“Sales-y.” Just the sound of the word is irritating. Yet if you don’t get out and meet people to share what your business is all about, how will you generate customers and keep doing what you love? It all starts with YOUR beliefs and perspective. Are you selling or serving?
What comes to mind when you hear the word “sales?” For many, it conjures up all those negative thoughts of someone whose main goal is to make that sale even if it isn’t right for the customer. Though that’s not necessarily true, most people share that perspective and it’s difficult to change.
Unfortunately, when we have something of service or value to offer, but feel “sales-y” about sharing, we probably won’t. The end result is that our fear of “selling” will overtake our intention of “helping” and an opportunity is lost.
The challenge is to feel authentic, not fake, and realize that we have something of value, a solution to offer. It starts by shifting our own perspective to one of “serving,” not “selling.” Instead of pushy and rude, think of the action as helping to make a difference.
Here are 4 quick tips to move you forward:
1. Feel Confident
Your intention is to be of service and help solve a problem. It’s not about persuading others to do something they’re not committed to. Once you let go of the outcome, you might be surprised to see the difference in how you feel. Present with confidence and a positive attitude.
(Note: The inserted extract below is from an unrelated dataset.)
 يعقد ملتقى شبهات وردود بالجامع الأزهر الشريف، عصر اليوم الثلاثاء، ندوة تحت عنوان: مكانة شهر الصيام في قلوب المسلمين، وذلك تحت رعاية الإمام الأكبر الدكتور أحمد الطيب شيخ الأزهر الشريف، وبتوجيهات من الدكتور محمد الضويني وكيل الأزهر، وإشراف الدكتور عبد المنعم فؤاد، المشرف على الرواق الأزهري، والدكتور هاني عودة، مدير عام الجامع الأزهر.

2. Understand the Pain Points
The discussion is 100% about the prospect and their wants and needs. Use open-ended questions to get as much information as possible to clarify the prospect’s pain points or problems and make sure that you have the solution for their needs. Alternatively, if you can’t help, perhaps there’s a resource or referral you can offer.
3. Address the Problem
As the pain points are clarified and both parties are in agreement, you can begin to introduce possible solutions. If you have case studies or other similar situations where you’ve been able to help, this is a good time to share this information and build rapport and trust.
4. Alleviating the Pain or Problem
Once the problem(s) have been identified, now is the time to begin a discussion about whether alleviating them is a priority. Is this issue severe enough for them to take action? Outline the benefits and results of your solution and the outcome that would be achieved.